A DCC model railway signalling application written in Python, enabling automated and interlocked layout signalling schemes to be designed and configured via the UI without the need to write any code. The application is primarily intended for the Raspberry Pi, but will also run on other platforms (albeit without some of the Raspberry-Pi specific interfacing functions).

  • Enables layout schematics to be created with signals, points, track sections and block instruments
  • Supports most types of UK colour light signals, semaphore signals, and ground signals.
  • Interfaces with the Pi-SPROG DCC command station to drive the signals and points out on the layout
  • Uses the Raspberry Pi GPIO inputs to provide train detection in support of signalling automation
  • Incorporates MQTT networking to allow multiple signalling applications to be linked for larger layouts

Example Screenshot

Bug reports and feedback are welcome and appreciated:

  • What aspects are intuitive? What aspects aren't?
  • What aspects do you particularly like?
  • What aspects particularly irritate you?
  • What new features would you like to see?

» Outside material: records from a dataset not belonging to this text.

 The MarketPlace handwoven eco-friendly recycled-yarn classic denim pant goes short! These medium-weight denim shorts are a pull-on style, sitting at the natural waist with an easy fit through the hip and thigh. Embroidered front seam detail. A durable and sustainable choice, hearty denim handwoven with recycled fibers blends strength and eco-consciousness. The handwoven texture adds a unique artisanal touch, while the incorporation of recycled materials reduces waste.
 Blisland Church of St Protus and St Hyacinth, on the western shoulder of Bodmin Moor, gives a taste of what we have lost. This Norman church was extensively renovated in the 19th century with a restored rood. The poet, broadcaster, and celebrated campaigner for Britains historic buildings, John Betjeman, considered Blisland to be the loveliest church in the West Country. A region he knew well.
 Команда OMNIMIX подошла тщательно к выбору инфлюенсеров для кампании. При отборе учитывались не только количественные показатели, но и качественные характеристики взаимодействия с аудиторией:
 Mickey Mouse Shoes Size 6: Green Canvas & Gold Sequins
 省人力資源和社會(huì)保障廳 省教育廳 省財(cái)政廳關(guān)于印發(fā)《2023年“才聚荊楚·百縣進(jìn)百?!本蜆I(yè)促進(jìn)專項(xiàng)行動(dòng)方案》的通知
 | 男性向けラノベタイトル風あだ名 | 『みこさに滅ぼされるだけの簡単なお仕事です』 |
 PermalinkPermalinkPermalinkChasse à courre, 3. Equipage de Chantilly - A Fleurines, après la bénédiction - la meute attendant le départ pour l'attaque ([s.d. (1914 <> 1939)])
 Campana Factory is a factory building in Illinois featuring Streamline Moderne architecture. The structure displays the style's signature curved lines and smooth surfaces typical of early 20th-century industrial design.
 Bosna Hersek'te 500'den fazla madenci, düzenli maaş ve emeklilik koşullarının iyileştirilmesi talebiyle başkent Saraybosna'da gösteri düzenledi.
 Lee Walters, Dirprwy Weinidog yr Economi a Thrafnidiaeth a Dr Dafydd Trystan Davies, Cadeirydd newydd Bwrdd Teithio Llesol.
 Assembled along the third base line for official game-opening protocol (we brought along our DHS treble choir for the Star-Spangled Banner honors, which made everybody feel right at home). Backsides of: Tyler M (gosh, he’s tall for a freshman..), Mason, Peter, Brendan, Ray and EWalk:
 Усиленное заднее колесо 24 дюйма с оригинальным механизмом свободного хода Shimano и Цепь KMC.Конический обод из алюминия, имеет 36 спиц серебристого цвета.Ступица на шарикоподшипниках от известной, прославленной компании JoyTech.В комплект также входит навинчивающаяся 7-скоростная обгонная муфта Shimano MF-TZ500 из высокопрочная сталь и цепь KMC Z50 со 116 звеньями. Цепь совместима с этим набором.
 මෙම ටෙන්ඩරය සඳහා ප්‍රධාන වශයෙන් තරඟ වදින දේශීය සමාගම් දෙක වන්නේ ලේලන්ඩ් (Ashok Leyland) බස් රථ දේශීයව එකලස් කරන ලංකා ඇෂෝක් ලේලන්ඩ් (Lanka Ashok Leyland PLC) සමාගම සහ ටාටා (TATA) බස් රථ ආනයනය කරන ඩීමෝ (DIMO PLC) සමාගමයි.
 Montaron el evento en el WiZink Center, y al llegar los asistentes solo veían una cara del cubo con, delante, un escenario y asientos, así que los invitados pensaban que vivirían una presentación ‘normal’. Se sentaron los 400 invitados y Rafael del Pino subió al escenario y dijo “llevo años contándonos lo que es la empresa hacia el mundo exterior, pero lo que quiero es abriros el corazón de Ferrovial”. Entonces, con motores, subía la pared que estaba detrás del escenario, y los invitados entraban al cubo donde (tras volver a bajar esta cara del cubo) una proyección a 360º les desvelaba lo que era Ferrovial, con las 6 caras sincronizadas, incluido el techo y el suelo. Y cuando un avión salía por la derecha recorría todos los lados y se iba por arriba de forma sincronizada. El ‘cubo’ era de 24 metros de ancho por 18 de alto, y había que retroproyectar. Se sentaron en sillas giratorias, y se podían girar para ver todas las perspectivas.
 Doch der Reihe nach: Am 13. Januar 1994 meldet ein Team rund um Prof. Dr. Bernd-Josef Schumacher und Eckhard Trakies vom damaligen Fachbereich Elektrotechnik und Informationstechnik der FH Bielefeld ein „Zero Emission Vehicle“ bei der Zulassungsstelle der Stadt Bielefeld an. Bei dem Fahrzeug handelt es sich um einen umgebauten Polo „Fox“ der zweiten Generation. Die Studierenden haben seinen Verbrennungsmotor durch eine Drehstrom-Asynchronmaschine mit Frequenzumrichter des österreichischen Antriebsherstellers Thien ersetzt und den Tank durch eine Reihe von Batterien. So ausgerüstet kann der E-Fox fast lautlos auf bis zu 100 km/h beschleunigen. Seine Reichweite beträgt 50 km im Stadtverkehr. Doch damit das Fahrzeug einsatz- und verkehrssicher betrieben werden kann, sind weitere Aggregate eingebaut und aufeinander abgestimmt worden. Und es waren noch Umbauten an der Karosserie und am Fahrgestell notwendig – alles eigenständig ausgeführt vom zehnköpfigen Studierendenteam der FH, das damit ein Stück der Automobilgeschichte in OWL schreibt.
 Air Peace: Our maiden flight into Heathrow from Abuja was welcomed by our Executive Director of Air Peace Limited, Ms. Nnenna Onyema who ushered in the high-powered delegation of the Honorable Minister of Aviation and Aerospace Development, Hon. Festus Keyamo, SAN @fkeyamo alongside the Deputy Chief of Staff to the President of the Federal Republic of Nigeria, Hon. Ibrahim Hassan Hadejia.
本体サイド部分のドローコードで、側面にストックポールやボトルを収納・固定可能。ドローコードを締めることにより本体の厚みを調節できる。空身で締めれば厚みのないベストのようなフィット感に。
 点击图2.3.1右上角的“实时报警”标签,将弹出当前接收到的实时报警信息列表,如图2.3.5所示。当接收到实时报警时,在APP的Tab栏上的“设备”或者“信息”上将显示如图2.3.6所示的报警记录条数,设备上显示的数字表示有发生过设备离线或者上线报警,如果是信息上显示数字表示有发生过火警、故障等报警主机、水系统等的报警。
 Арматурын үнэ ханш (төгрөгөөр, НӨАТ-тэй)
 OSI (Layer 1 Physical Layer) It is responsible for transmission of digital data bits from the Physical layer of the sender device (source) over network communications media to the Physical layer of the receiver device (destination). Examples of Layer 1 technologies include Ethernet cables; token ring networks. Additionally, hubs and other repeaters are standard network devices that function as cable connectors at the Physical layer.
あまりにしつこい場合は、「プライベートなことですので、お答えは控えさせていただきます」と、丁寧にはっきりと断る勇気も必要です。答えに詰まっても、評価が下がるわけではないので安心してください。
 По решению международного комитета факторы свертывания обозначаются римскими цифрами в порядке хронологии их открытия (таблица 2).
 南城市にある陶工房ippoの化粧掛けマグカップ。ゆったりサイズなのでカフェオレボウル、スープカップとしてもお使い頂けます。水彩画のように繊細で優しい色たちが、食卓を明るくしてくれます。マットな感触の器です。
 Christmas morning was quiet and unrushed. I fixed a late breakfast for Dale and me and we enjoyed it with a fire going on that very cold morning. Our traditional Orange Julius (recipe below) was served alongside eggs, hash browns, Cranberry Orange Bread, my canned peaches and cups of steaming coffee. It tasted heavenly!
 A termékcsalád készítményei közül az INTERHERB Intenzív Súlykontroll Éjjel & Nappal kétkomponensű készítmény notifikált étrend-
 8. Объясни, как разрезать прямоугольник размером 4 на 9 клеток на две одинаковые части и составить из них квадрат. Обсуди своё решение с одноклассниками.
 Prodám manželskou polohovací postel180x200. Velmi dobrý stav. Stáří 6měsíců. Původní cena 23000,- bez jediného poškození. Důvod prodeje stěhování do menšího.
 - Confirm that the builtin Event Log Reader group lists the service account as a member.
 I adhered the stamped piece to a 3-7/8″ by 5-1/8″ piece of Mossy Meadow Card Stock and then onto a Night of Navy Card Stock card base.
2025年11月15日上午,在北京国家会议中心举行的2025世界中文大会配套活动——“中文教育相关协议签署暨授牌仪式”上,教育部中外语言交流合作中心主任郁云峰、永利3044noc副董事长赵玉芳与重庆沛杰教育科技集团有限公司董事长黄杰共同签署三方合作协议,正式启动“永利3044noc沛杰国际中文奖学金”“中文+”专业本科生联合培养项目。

Installing the application

For a first time installation use:

$ python3 -m pip install model-railway-signals 

To upgrade to the latest version use:

$ python3 -m pip install --upgrade model-railway-signals 

If you want to use Block Instruments with full sound enabled (bell rings and telegraph key sounds) then you will also need to install the 'simpleaudio' package. Note that for Windows it has a dependency on Microsoft Visual C++ 14.0 or greater (so you will need to ensure Visual Studio 2015 is installed first). If 'simpleaudio' is not installed then the software will still function correctly (just without sound).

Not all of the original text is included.